## Exercise goal
Print the listing as it stands, omitting all images.

## Dataset excerpt
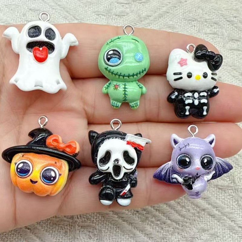 漫画ハロウィンカボチャスカルコウモリゴースト diy ヘアピンヘッドロープ靴花ペンダントジュエリー樹脂アクセサリー
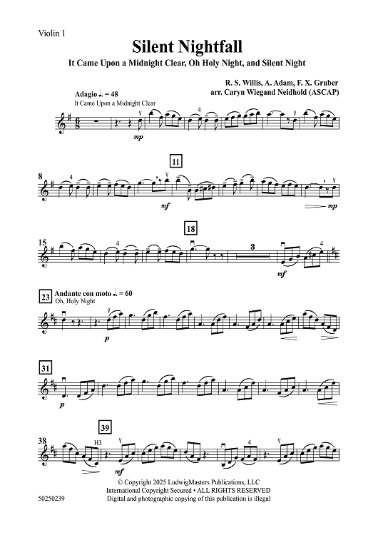Digital Sheet Music for Silent Nightfall - Violin 1 by Franz Xaver Gruber, Richard Storrs Willis, Adolphe Adam, Caryn Wiegand Neidhold scored for Orchestra; id:508393
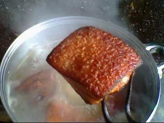 第四步:很多人以为这样就做好了,其实不然,最关键的一步还在后头,那就把炸好的肉再入沸水里煮,这样做的目地,能让扣肉皮酥、肉香滑。在沸水里煮到皮起了像PP上一样,起了小疙瘩,那就算大功告成了。
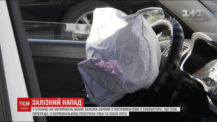В Киеве на авто с эвакуатора упала железный ящик с инструментами, есть пострадавшие

## Written answer
 漫画ハロウィンカボチャスカルコウモリゴースト diy ヘアピンヘッドロープ靴花ペンダントジュエリー樹脂アクセサリー
Digital Sheet Music for Silent Nightfall - Violin 1 by Franz Xaver Gruber, Richard Storrs Willis, Adolphe Adam, Caryn Wiegand Neidhold scored for Orchestra; id:508393
 第四步:很多人以为这样就做好了,其实不然,最关键的一步还在后头,那就把炸好的肉再入沸水里煮,这样做的目地,能让扣肉皮酥、肉香滑。在沸水里煮到皮起了像PP上一样,起了小疙瘩,那就算大功告成了。
В Киеве на авто с эвакуатора упала железный ящик с инструментами, есть пострадавшие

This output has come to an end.